Steve tells how to make the best of the data, making the likely
assumptions about the 120 days -
On 13 Oct 2000 10:38:51 -0700, [EMAIL PROTECTED] (Simon, Steve, PhD)
wrote:
> Hans-Christian Waldmann writes:
>
> >Now, what am I supposed to do with data from a design giving a T=120
> >time series for _each_ of 120 subjects ? There has been a controlled
> >study where patients in three independent groups were asked to keep
> >a diary on some outcome variables for ca. 4 months. There are some
> >design variables like treat/control or sex and age that are expected
> >to contribute systematically to variation between outcome measures.

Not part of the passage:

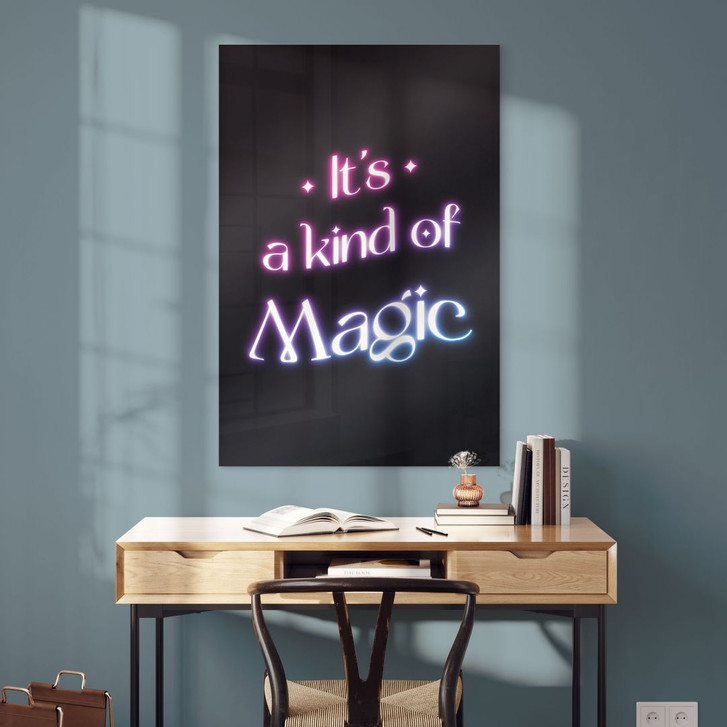Möchtest du deiner Inneneinrichtung einen besonderen Charakter verleihen? Unsere Typografie-Bilder verleihen der Wand eine ansprechende Note. Der Spruch „It's a kind of magic“ erinnert an den berühmten Song der britischen Rockband Queen. Die bunten Buchstaben auf schwarzem Hintergrund sorgen für schöne Farbkontraste und erzeugen mit der Aussage „It's a kind of magic“ ein positives Gefühl. Lass dich jeden Tag von diesem Spruch inspirieren! Zu guter Letzt besticht das Zitat-Acrylglasbild durch sein elegantes Design, das durch die ausgewählten Materialien und die schwarze Farbgebung betont wird. So entsteht ein harmonisches Dekorationselement.

> >But this outcome measure apparently is a time series. I don't think
> >I should perform an ANOVA-style analysis with a 120-level time factor.
> >Pooling data and performing ARIMA/transfer-functions on a single time
> >series of subjects' means for each point in time doesn't make sense
> >either, assuming that subjects differ in both measurement level and
> >covariance structure of their individual time series. I admit that
> >I have no idea how to evaluate, say, an effect of treatment on this
> >kind of outcome measure.
>
> Even though the researchers collected data on 120 consecutive days, I doubt
> that they are particularly interested in any one day in isolation. Look at
> some composite measures, such as the slope of the trend line, or the change
> score at the end of each month. Or perhaps an average for each month, or the
> standard deviation for each month.
>
> Your researchers should be able to elaborate on why they collected the data,
> and that elaboration should help you decide which composite measure you
> should use.
>
> Once you reduce it to a small number of composite measures, then you can
> apply the ANOVA types of procedures.
- Here are a couple of less-likely possibilities.

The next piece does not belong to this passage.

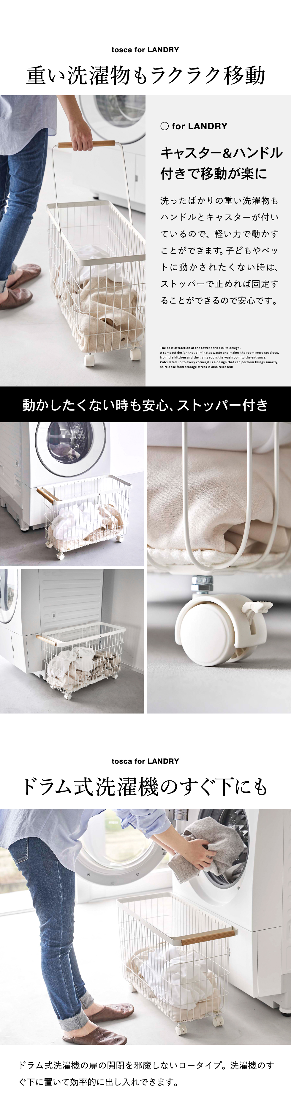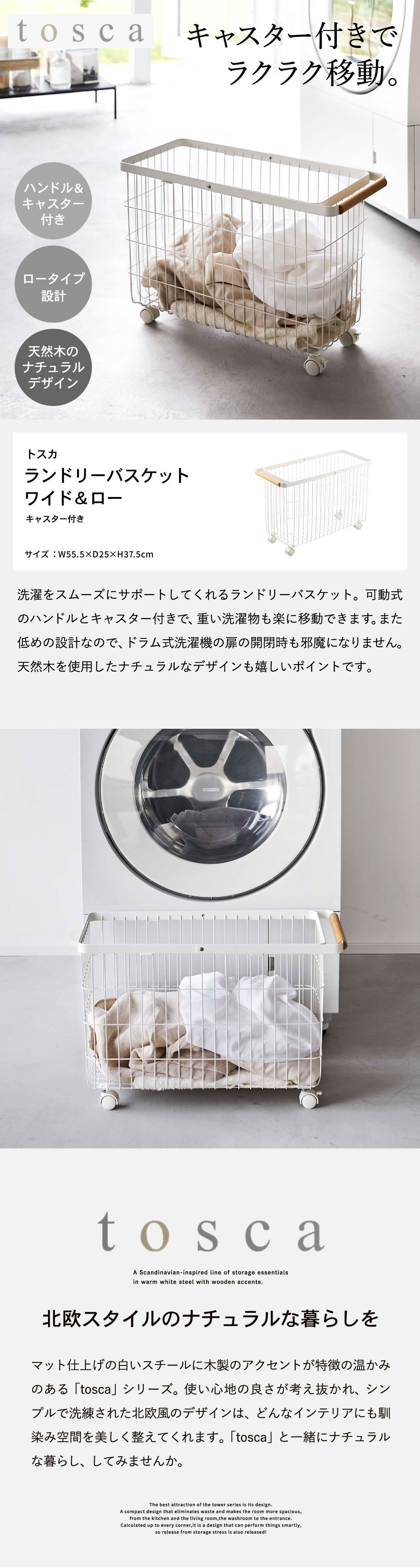 洗濯機の幅に合うワイドなキャスター付きランドリーバスケット。扉(ドラム式洗濯機)の開閉の邪魔にならない高さ設計。扉の開閉の邪魔にならないので洗濯物の出し入れもスムーズ。移動に便利な可動式のハンドル付き。天然木のハンドルがアクセント。

You don't say where the 120 days exist, so it might be that the are
paycheck cycles of 7, 14, 28 days, or a month; or menstrual cycles, or
some other. If the subjects have some overlapping '120 days' on the
calendar, it might be reasonable to look at calendar-date for cycles,
or for extreme events. That's assuming, there is a bit of day-to-day
lability that might cover up some information.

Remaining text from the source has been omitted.